Volkswagen is expected to make a site decision this month. Thomson Financial, citing an article to be published in the German magazine Auto Motor und Sport, reported that Volkswagen’s management board is set to decide on the site a week from today.
The plant could bring an estimated 2,000 jobs to Chattanooga while new factories operated by automotive suppliers could bring that many or more jobs to the region, experts have said.
Depending on the size of Volkswagen’s investment, Tennessee may have a new enticement as a result of a change quietly made to the state’s economic incentive package in this year’s legislative session.
An existing state job tax credit provides a $5,000 tax credit over a period of years for a company investing at least $1 billion and creating 1,000 jobs in Tennessee. The change extends the tax credit to an “integrated supplier” for a company investing $1 billion and would apply regardless of the supplier’s investment. But the duration of the credit would be shorter than it is for a company making the $1 billion investment, according to the law.

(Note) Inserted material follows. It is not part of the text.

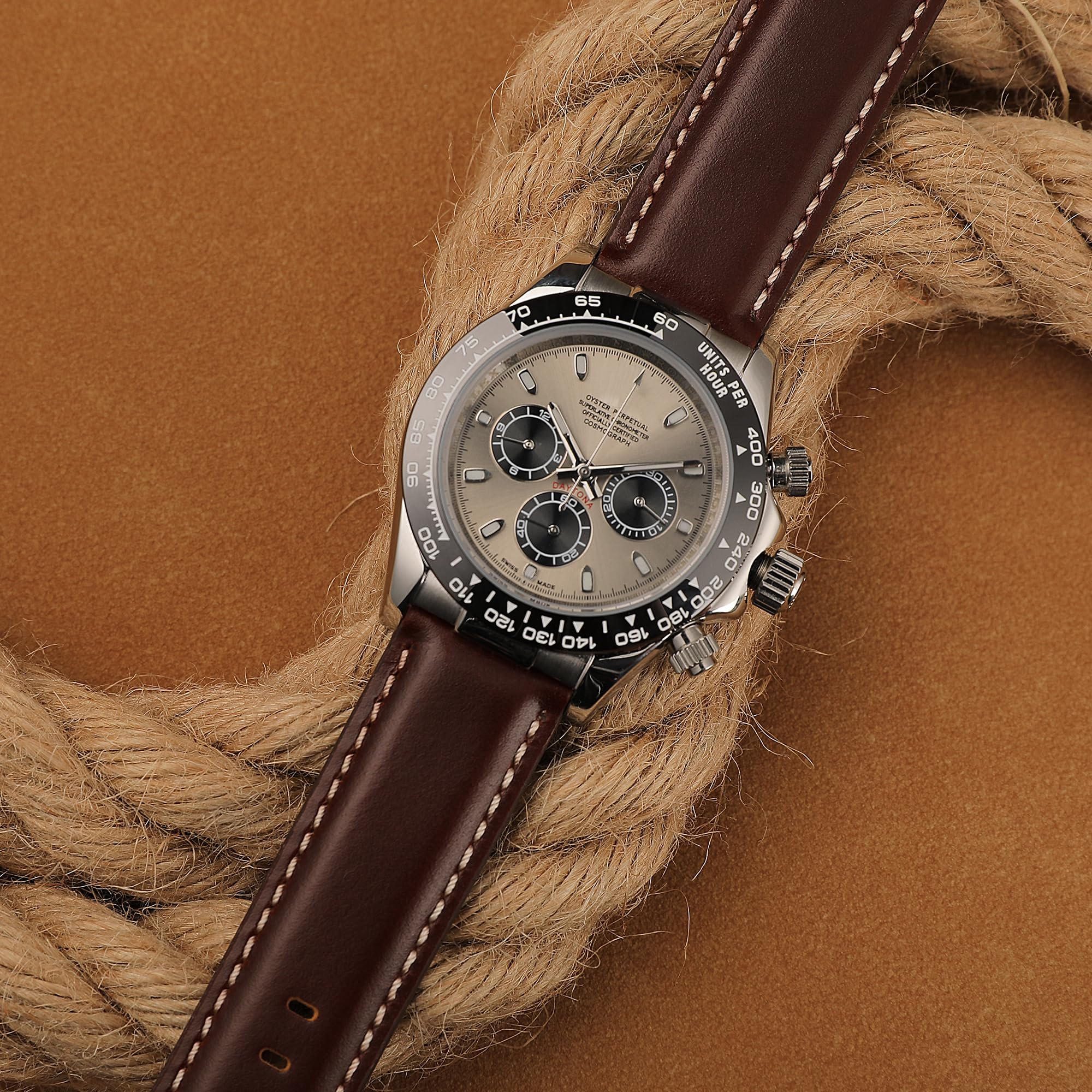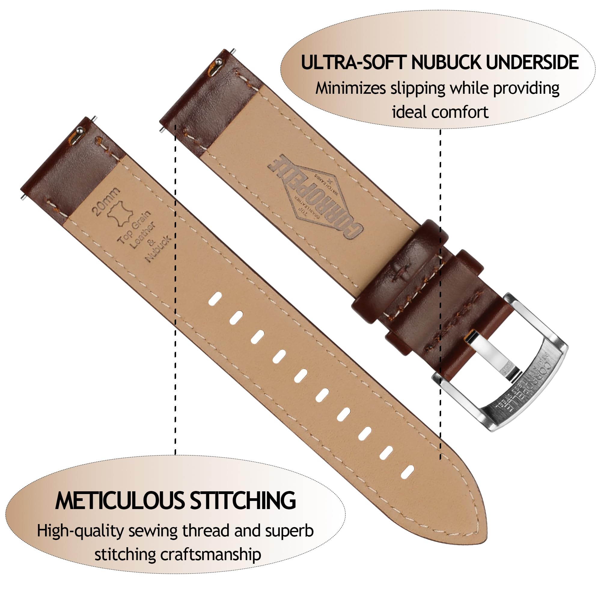 ELEGANT CLASSIC STYLE, Top Grain Leather & Nubuck: Hand-selected top-grain genuine leather is used for the top layer of the CORROPELLE quality watch band, presenting a luxury look with a light waxy feel. A natural patina may develop over time, giving this watch band a worn-in, timeless feel. These simple imperfections will add a rich texture to any timepiece. Treated underside beige nubuck lining ultra-soft against the skin and minimizes slipping while providing ideal comfort.

“When you have a company that’s investing in a site in excess of a billion dollars, they tend to have suppliers and ancillary activities and potentially customers that want to locate in close proximity,” Mr. Kisber explained in an interview. “We found this is another effort to induce those activities to be in the state and hopefully in proximity to a billion-dollar-plus investment.”
State Revenue Commissioner Reagan Farr said the change would allow suppliers to “piggyback a little bit on that investment.”
Some figures have cited the cost of the Volkswagen plant at $1 billion or more. But the German magazine cited by Thomson this week pegged the cost of the plant at 500 million euros which, according to a Yahoo.com currency converter, comes to about $787 million.